NeuroDeX: Unlocking Diverse Support in Decompiling Deep Neural Network Executables
This addresses the threat of reverse engineering for on-device deep learning models, providing a more comprehensive solution for security researchers and developers, though it appears incremental by building on prior decompilation efforts.
The paper tackles the problem of decompiling deep neural network executables, which are vulnerable to reverse engineering, by introducing NeuroDeX, a method that uses LLMs and dynamic analysis to recover high-level models from compiled executables, achieving nearly identical models for non-quantized cases and 72% top-1 accuracy for quantized ones.

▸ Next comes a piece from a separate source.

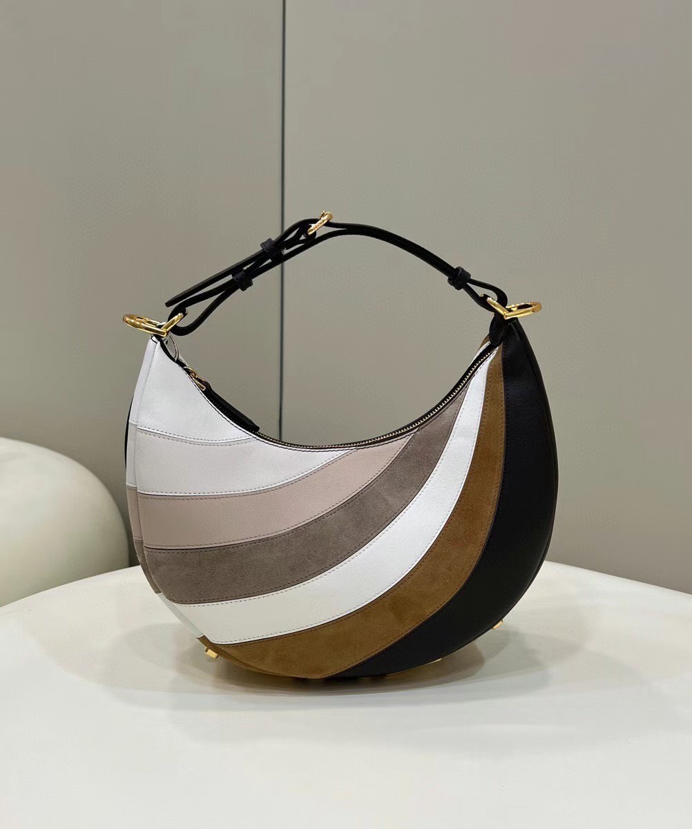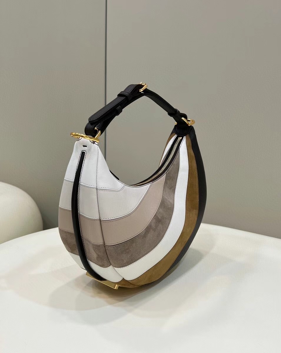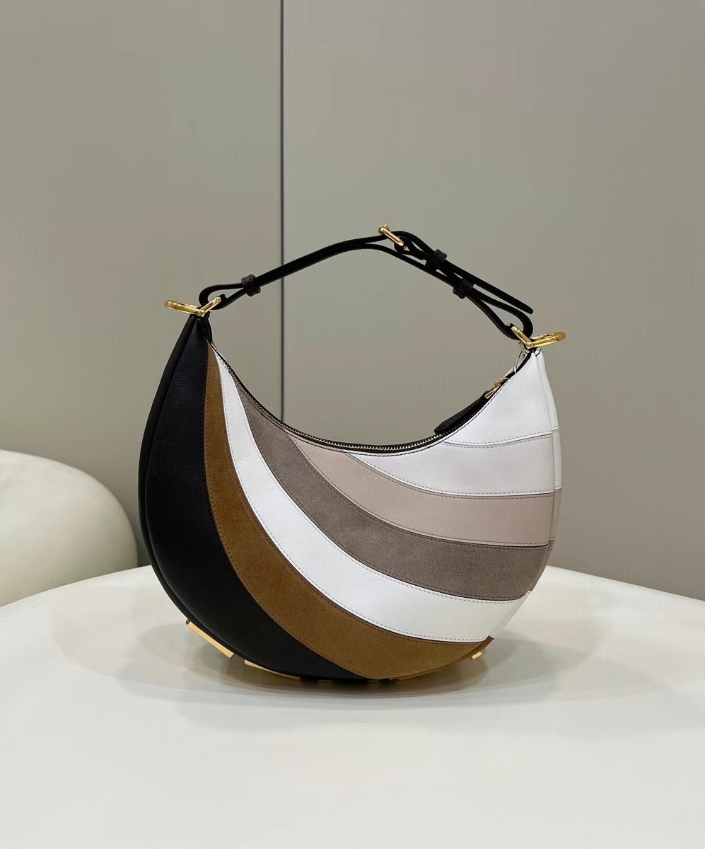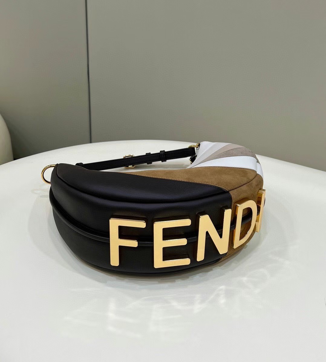 Revealed on brand’s Spring/Summer 2022 runway, the Fendigraphy Bag is Fendi’s take on the timeless hobo silhouette and the fashion crowd is already obsessed! Defined by a crescent shape with a spacious carry-all design, the Fendigraphy bag is a modern and bold icon ?C the new must-have for the powerful and confident Fendi woman. Once worn, the bag will stun with its maxi Fendi golden metal script, leaving the iconicity of the Maison’s logo on display for everyone to see. Wearability being so dear to Fendi, the bag fits perfectly under the arm thanks to its circular armhole. Its removable and adjustable strap allows you to transform it into a soft and supple satchel bag with a functional crossbody attitude if paired with a Strap You.

On-device deep learning models have extensive real world demands. Deep learning compilers efficiently compile models into executables for deployment on edge devices, but these executables may face the threat of reverse engineering. Previous studies have attempted to decompile DNN executables, but they face challenges in handling compilation optimizations and analyzing quantized compiled models. In this paper, we present NeuroDeX to unlock diverse support in decompiling DNN executables. NeuroDeX leverages the semantic understanding capabilities of LLMs along with dynamic analysis to accurately and efficiently perform operator type recognition, operator attribute recovery and model reconstruction. NeuroDeX can recover DNN executables into high-level models towards compilation optimizations, different architectures and quantized compiled models. We conduct experiments on 96 DNN executables across 12 common DNN models. Extensive experimental results demonstrate that NeuroDeX can decompile non-quantized executables into nearly identical high-level models. NeuroDeX can recover functionally similar high-level models for quantized executables, achieving an average top-1 accuracy of 72%. NeuroDeX offers a more comprehensive and effective solution compared to previous DNN executables decompilers.